How international media are reporting on COVID-19's return to New Zealand

International media has jumped on the story after New Zealand's 24-day run as coronavirus-free was ended this week.

Two infected women were allowed into the country from the United Kingdom earlier this month but were then allowed to roam from their managed isolation in Auckland last week after they were given compassionate leave to attend a funeral in Wellington.

In New Zealand media, National leader Todd Muller is calling for "clumsy and incompetent" Health Minister Dr David Clark to be sacked while Prime Minister Jacinda Ardern says the women have done nothing wrong and don't deserve blame.

'The UK cocking it up again'

UK-based media haven't been so kind to the pair and have been quick to point out the cases came from the UK.

The Sun led with the headline 'New Zealand has first coronavirus cases in 24 days after two travellers from UK enter country....one of whom hid symptoms'.

The Daily Star was even stronger, with their headline 'UK visitors ruin New Zealand's coronavirus-free status, leaving Kiwis fuming'.

Journalist Sophie Bateman wrote New Zealand is "back to square one", with the announcement of the cases "provoking widespread anger at 'the UK cocking it up again'".

"Many Kiwis are outraged that the women were allowed to leave self-isolation early before they had even been tested," she wrote.

"Others are angry at Dr Bloomfield's admission that one of the women was showing 'mild symptoms' of Covid-19 on the day she travelled to Wellington, but assumed it was from a pre-existing condition."

'Unsustainable social and economic losses'

The Daily Mail reports the cases mean New Zealand is still vulnerable to overseas travel despite implementing measures that will send it into a "deeper economic crash than Australia".

"The new cases are a setback for Prime Minister Jacinda Ardern who last week declared victory over the outbreak after imposing one of the West's toughest lockdowns, at the expense of a greater economic hit than Australia is suffering," it wrote.

"Ardern today doubled down on New Zealand's strict border controls which only let in citizens and residents, and blamed the handling of the two new cases on a lapse in the quarantine rules for new arrivals."

And The Guardian wrote the outbreak shows efforts to stay coronavirus-free require "unsustainable social and economic losses".

"The outbreaks have brought home the stark choices facing leaders who have successfully stamped out the virus or contained its transmission," reporter Emma Graham-Harrison wrote.

"If they want to hold on to that coveted status, their countries face months, perhaps years, sealed off from the world in a way unprecedented in modern times."

Is New Zealand still an international success story?

New Zealand's previous elimination of COVID-19 saw it lauded as an international success story.

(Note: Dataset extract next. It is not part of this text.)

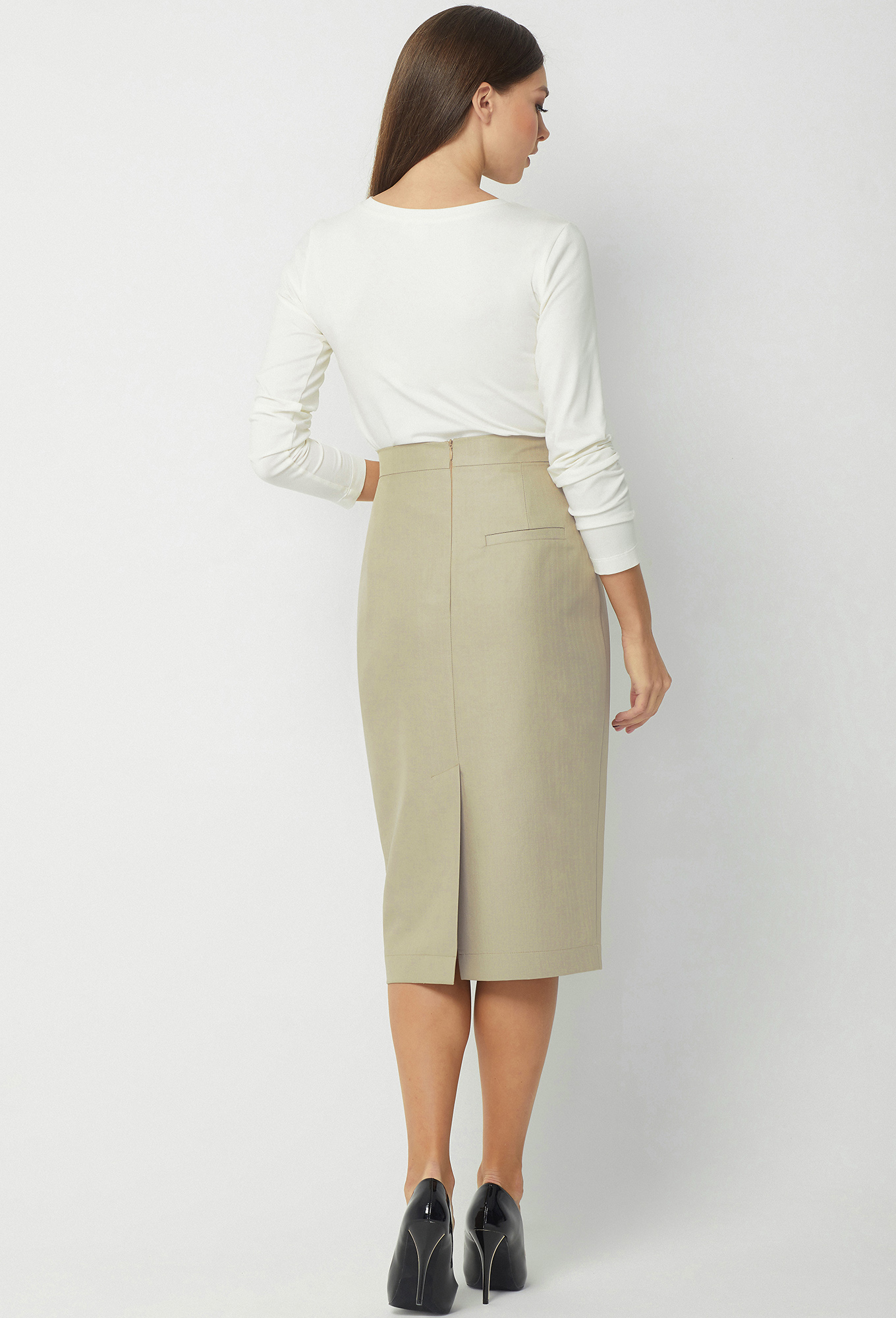 Юбка-миди с притачным поясом, задняя половинка со средним швом, в котором обработана потайная молния, шлица и горизонтальным карманом-обманкой с отделочной пуговицей.
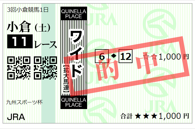 馬連(1軸)⑨-⑫⑮①⑬⑤

Now, US media companies are focusing on how public health officials had warned more cases would inevitably arrive and how they're increasing contact tracing in response.

"Prime Minister Jacinda Ardern, who has been praised for how she oversaw the eradication of the virus in New Zealand, said Tuesday that new cases are not unexpected," CBS News said.

It then quoted Ardern's comments to reporters: "What this does prove is the importance of a rigorous system at our border, of us continuing to be very, very cautious in our management and taking the cautious approach that we have continued to take as a government."

The US National Public Radio, which said New Zealand is seen as "perhaps the globe's biggest success story in controlling the spread of the virus", listed the measures New Zealand has put in place to manage the outbreak.

"A new case is something we hoped we wouldn't get but is also something we have expected and planned for," it quoted Director-General of Health Dr Ashley Bloomfield as saying.

"That is why we have geared up, and continue to gear up, our contact tracing at a local level and national capacity and capability as well as having our excellent testing capability so we can respond rapidly."